• [DATA BELOW]:
::::
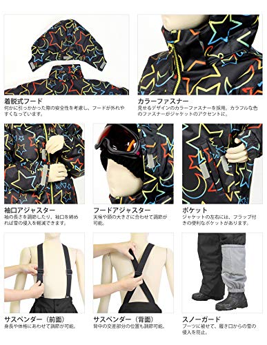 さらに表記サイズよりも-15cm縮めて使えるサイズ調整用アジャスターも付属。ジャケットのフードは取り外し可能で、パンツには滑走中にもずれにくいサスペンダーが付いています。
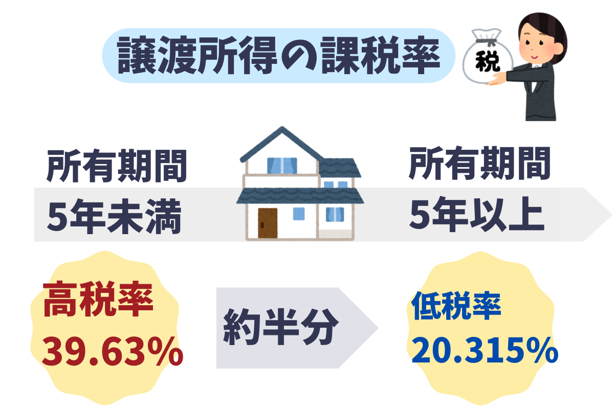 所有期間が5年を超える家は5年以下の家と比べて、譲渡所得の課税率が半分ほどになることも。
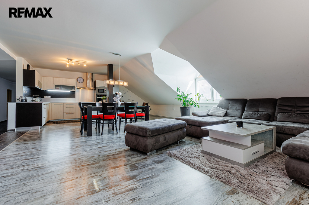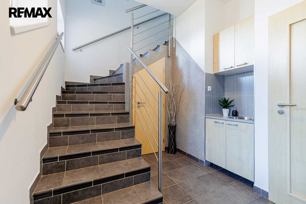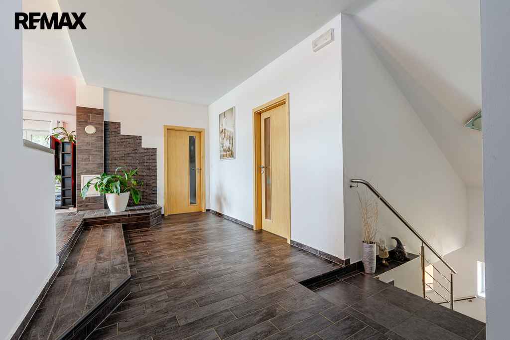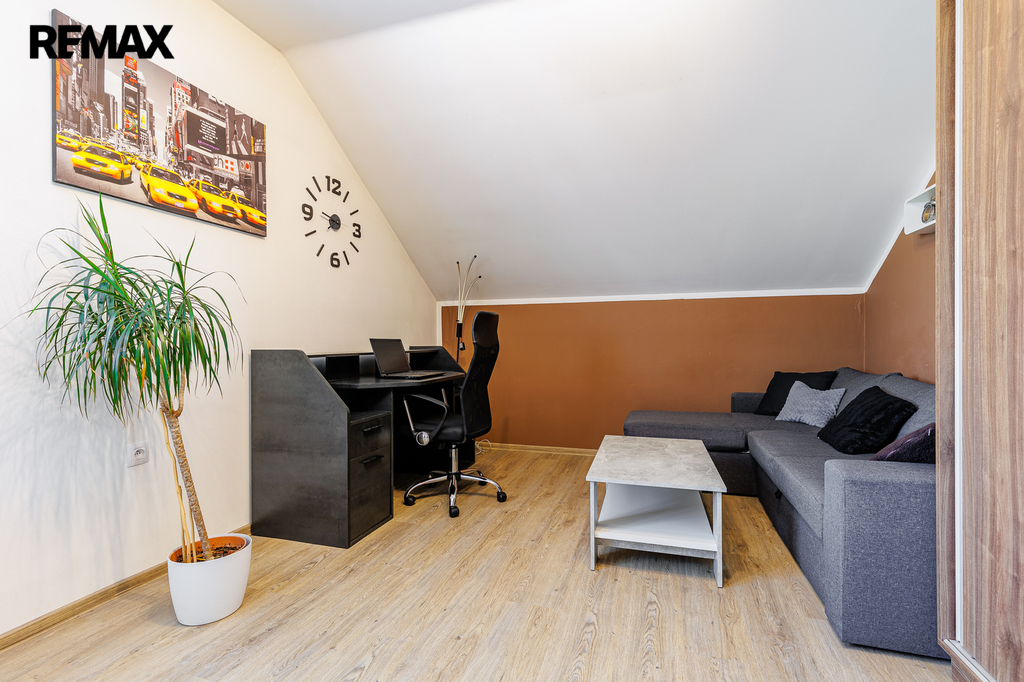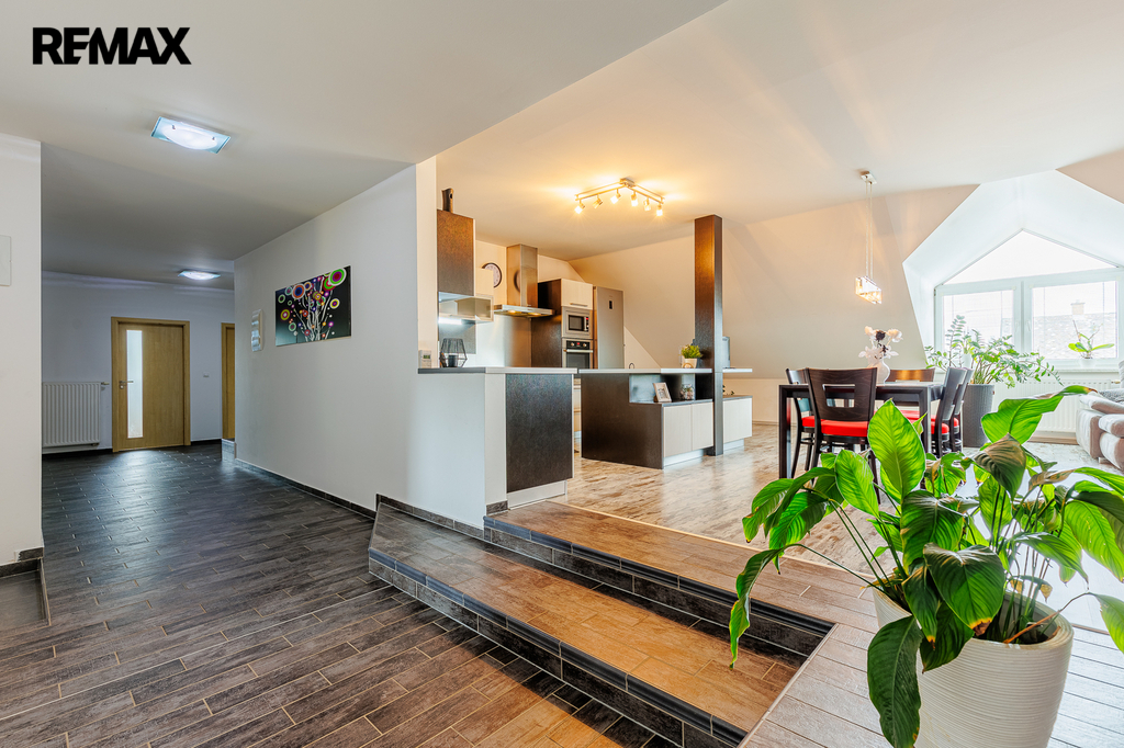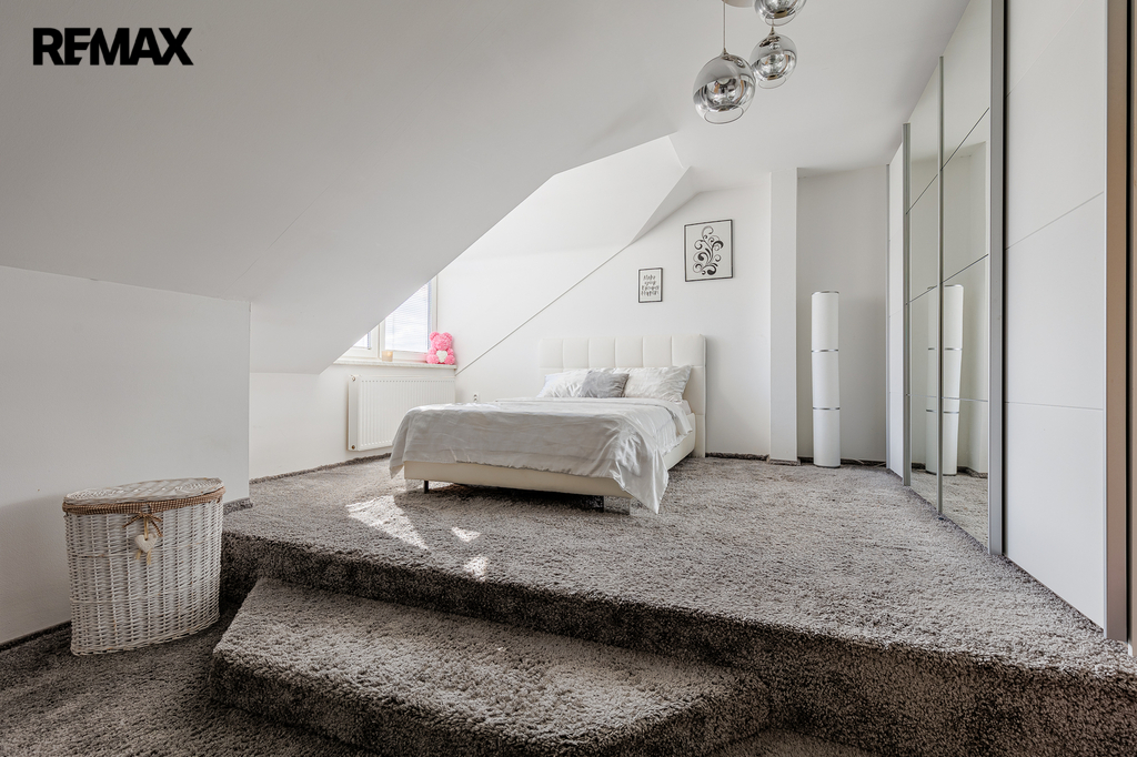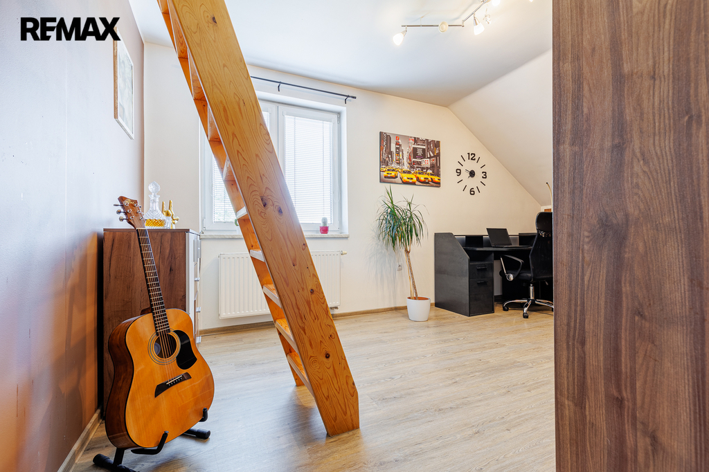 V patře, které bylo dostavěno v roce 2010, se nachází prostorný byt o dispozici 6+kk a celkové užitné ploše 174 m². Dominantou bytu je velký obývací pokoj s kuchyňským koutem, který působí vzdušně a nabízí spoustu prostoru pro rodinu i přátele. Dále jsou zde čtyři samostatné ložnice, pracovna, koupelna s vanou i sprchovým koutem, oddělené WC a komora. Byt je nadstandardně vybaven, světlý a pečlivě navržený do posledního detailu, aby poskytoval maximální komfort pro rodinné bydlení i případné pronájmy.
::::
• [WHAT THE TASK REQUIRES]:
Give back the whole listing as it stands, minus its pictures.

• [OUTPUT FOR THIS EXERCISE]:
 さらに表記サイズよりも-15cm縮めて使えるサイズ調整用アジャスターも付属。ジャケットのフードは取り外し可能で、パンツには滑走中にもずれにくいサスペンダーが付いています。
 所有期間が5年を超える家は5年以下の家と比べて、譲渡所得の課税率が半分ほどになることも。
 V patře, které bylo dostavěno v roce 2010, se nachází prostorný byt o dispozici 6+kk a celkové užitné ploše 174 m². Dominantou bytu je velký obývací pokoj s kuchyňským koutem, který působí vzdušně a nabízí spoustu prostoru pro rodinu i přátele. Dále jsou zde čtyři samostatné ložnice, pracovna, koupelna s vanou i sprchovým koutem, oddělené WC a komora. Byt je nadstandardně vybaven, světlý a pečlivě navržený do posledního detailu, aby poskytoval maximální komfort pro rodinné bydlení i případné pronájmy.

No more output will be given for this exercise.